README.md

# UrlFetcher

![Tests](https://github.com/gorkaio/url_fetcher/workflows/verify/badge.svg)

_UrlFetcher_ fetches URLs present in image and anchor tags in a given URL.

## Usage

### UrlFetcher

`UrlFetcher.fetch("https://myawesome.url/page.html")` will retrieve all link and image URLs present in `https://myawesome.url/page.html`, returning them as lists `links` and `assets` in `UrlFetcher.SiteData` struct.

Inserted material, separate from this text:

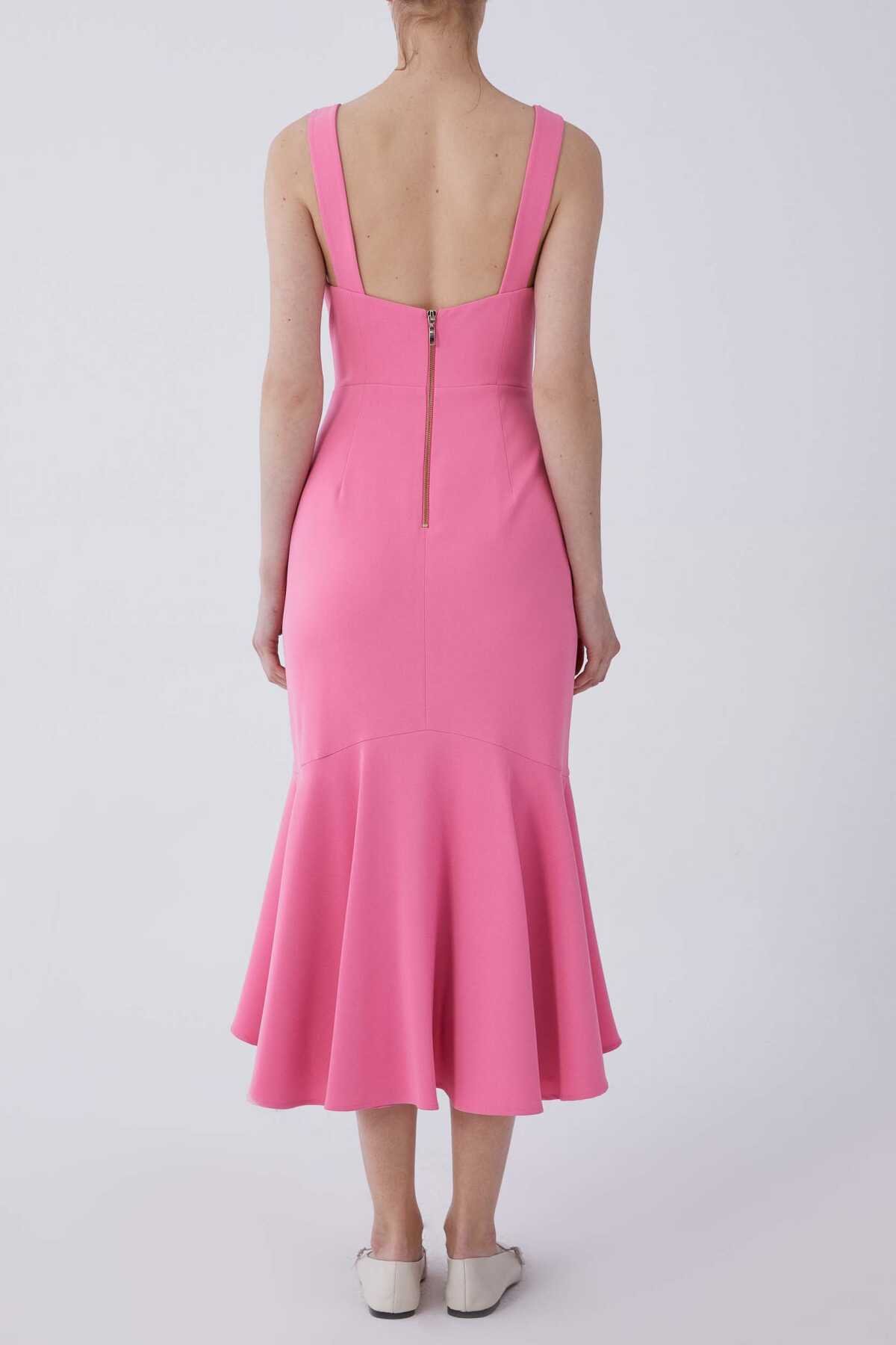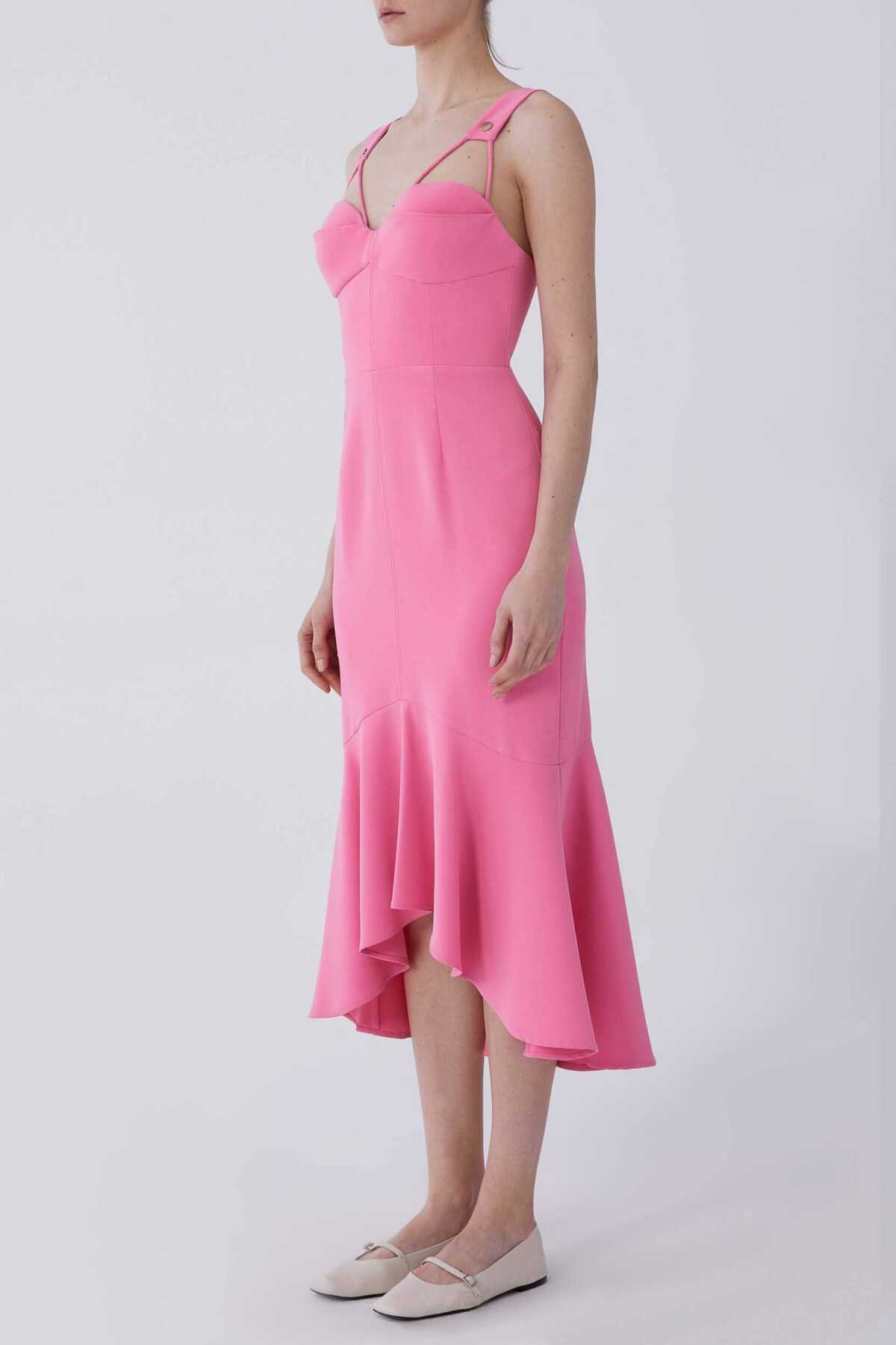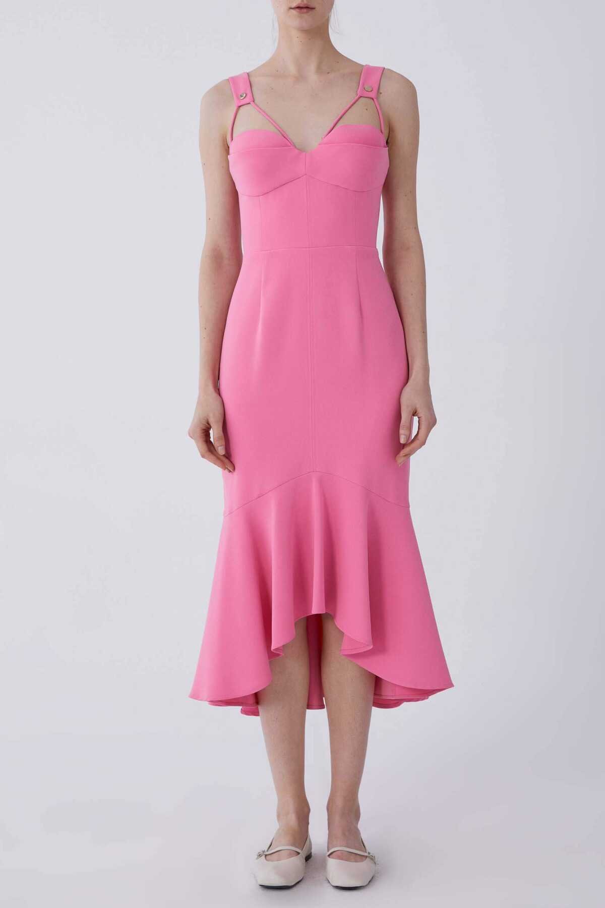 Askılı Gögüs Detaylı Etekleri Volanlı Abiye Elbise Pembe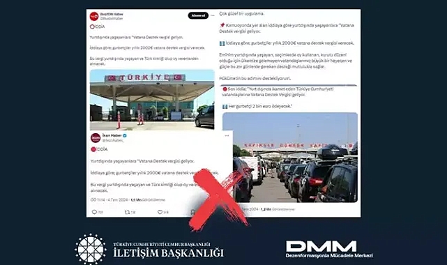 İletişim Başkanlığı Dezenformasyonla Mücadele Merkezi (DMM) "Hazine ve Maliye Bakanlığı tarafından hazırlanma aşamasında olan yeni vergi paketinde yurt dışında yaşayan vatandaşlarımıza herhangi bir başlık altında vergilendirme çalışması söz konusu değildir" açıklamasını yaptı.DMM'nin sosyal medya hesabından yapılan açıklamada, "Bazı sosyal medya hesaplarından paylaşılan, 'Gurbetçiler yıllık 2 bin Euro vatana destek vergisi verecek' iddiası doğru değildir. Hazine ve Maliye Bakanlığı tarafından hazırlanma aşamasında olan yeni vergi paketinde yurt dışında yaşayan vatandaşlarımıza herhangi bir başlık altında vergilendirme çalışması söz konusu değildir. Bahse konu yeni vergi paketine ilişkin piyasadaki paydaşlar tarafından Hazine ve Maliye Bakanlığı'na sunulan öneri ve beklentiler değerlendirilmekte olup, bakanlık tarafından son haline getirildikten sonra TBMM’ye sunulması planlanmaktadır. Vergide adaletin daha da pekiştirilmesi ve etkinliğin artırılması amacıyla hazırlanan yeni vergi paketine ilişkin ortaya atılan iddiaların, kamuoyunda tedirginlik ve güvensizlik oluşturmayı amaçladığı belirlenmiştir. Resmi kurum ve yetkililerin dışında yapılan spekülatif açıklamalara itibar etmeyiniz" denildi.

Some options you can provide to the fetcher:

- `http_client`: HTTP Client to be used. Must comply with `UrlFetcher.Http.Client` behaviour. Defaults to `UrlFetcher.Http.Adapter.Poison`.
- `unique`: boolean. If set, removes duplicates from results. Defaults to `true`.
- `normalize`: transforms all urls to absolute if set to `:absolute`, or leaves them as they are with `:original`. Defaults to `original`.
- `internal_only`: boolean. If set, filters urls to the ones internal to the site being fetched. Defaults to `false`.

### HTTP Client behaviour

HTTP Client behaviour is defined in `UrlFetcher.Http.Client`. You can choose whatever HTTP client you prefer as long as it complies with that behavior or you implement a wrapper. Note that, by default, HTTP Client _must_ follow redirects.

## Installation

The package is [available in Hex](https://hex.pm/packages/url_fetcher), and can be installed
by adding `url_fetcher` to your list of dependencies in `mix.exs`:

```elixir
def deps do
  [
    {:url_fetcher, "~> 0.2.2"}
  ]
end
```

Documentation can be found at [https://hexdocs.pm/url_fetcher/](https://hexdocs.pm/url_fetcher/).

## Contributing

Please have a look at the [contributing guidelines](CONTRIBUTING.md).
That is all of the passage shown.